O encontro de Patricia com o Dante compositor acontece em O Desenho da Cidade, que ele fez com Luiz Tatit. E a parceria volta em Brisa e Brasa e Horizonte (com a voz de Ná Ozzetti). Depois, Dante aparece com Joãozinho Gomes como autores de Tudinha Acesa. São os momentos de encontro da linguagem de Patricia com a visão lírica e harmônica de Dante, algo que blinda o álbum de qualquer possibilidade de torna-se didático, regional, folclórico.
Batom Bacaba, a música, é dos momentos maiores do álbum. A canção é do violonista amapaense Enrico Di Miceli com versos de Joãzinho Gomes, sempre ele. Enrico é um craque. Suas escolhas nunca são as mais fáceis mas sua música nunca fica difícil, intransponível. Ele é dono de uma habilidade harmônica impressionante e criador de melodias desconcertantes. Isso tudo sobre letra de lirismo feminino de Joãozinho: “E a maloca então ficou maluca / Como se ali passasse a pororoca / E a passarada fez uma muvuca / Cantando essa cantiga curiboca...”.

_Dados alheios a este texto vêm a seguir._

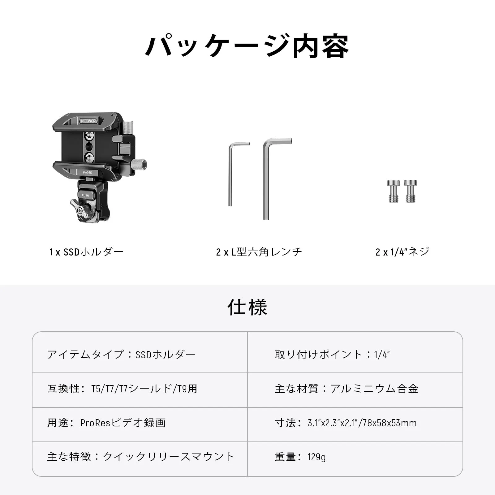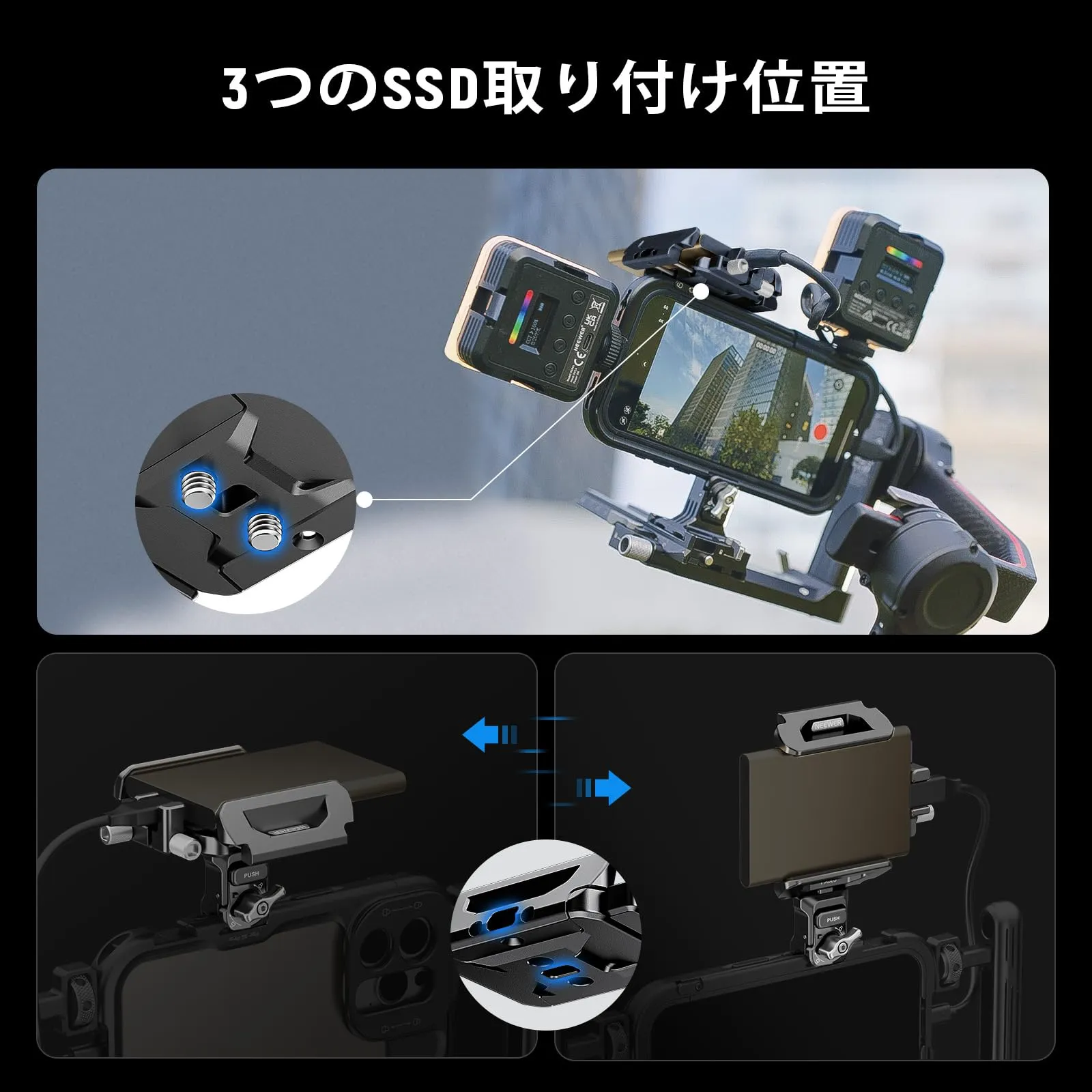 【3つのSSD取り付け位置】クイックリリースクランプは水平方向と垂直方向の取り付けに対応しています(垂直方向に取り付ける場合は、クイックリリースクランプを取り外し、SSDホルダーの側面に再度取り付けます)。付属1/4ネジ2本を使用し、SSDホルダーを汎用スマホケージ(NEEWER PA009/PA017)に取り付けます。コンパチブル SmallRigスマホケージ。

Outro nome das terras do Norte é o de Paulinho Bastos, irmão de Patricia. Percussionista, pesquisador, especialista nos tambores de marabaixo e da batucada amapaense (outra expressão que não existe fora de Macapá), ele é também autor de três das músicas de maior poder de comunicação no disco, Domingo de Páscoa, O Batom Que Não Viu e o afro Banto. Paulo está em processo de finalização de seu próprio álbum, uma promessa quando se conhece um pouco da forma como ele pensa música. A parceria de Joãozinho Gomes com Val Milhomem, outro importante compositor macapaense, entrega duas músicas de força pop e poesia afiada, a bela Mei Mei e a dançante Mameluca. Se fossem outros tempos, a primeira seria forte candidata ao que se chamava de “carro-chefe”, a que primeiro tocaria nas rádios.
Patrícia Bastos é filha de pai educador e músico e mãe cantora, Dona Oneida, a primeira mulher do Amapá a gravar um disco, produzido pelo mestre das guitarradas Manoel Cordeiro. É desse barro, dos encontros entre músicos em sua sala com todos os quatro irmãos tocando e cantando, que Patricia foi feita. Aos 18 anos ela já cantava em um grupo da noite com o qual aprendeu os primeiros truques no Bar Carinhoso, a Banda Brinds. Depois, cantou em grupo de baile e passou pelo avassalador teste dos cantores de carnaval.
Seu primeiro álbum saiu em 2000, chamado Pólvora e Fogo, só com compositores do Amapá. Depois vieram Patrícia Bastos In Concert (ao vivo, de 2004); Sobre Tudo (2007); Eu Sou Caboca (2009) e o premiado Zulusa (2013). Foi com este disco que Patrícia ganhou, em 2014, os prêmios de melhor cantora regional e melhor disco regional durante o 25.º Prêmio da Música Brasileira. Chamá-la de regional é redutor, mas o mercado ainda entende assim, em catalogação por prateleiras. Seu disco de agora faz exatamente o contrário, a retira da seção dos regionais para torná-la mais abrangente.
“Eu senti a necessidade de procurar a história de Amapá e de levá-la para o mundo”, diz Patricia. “Eu sempre senti falta dessa história, as pessoas daqui tinham vergonha de dizer que eram do Norte. Resolvi então que, a partir de agora, eu iria cantar a minha aldeia.” E é assim que ela acaba cantando o mundo.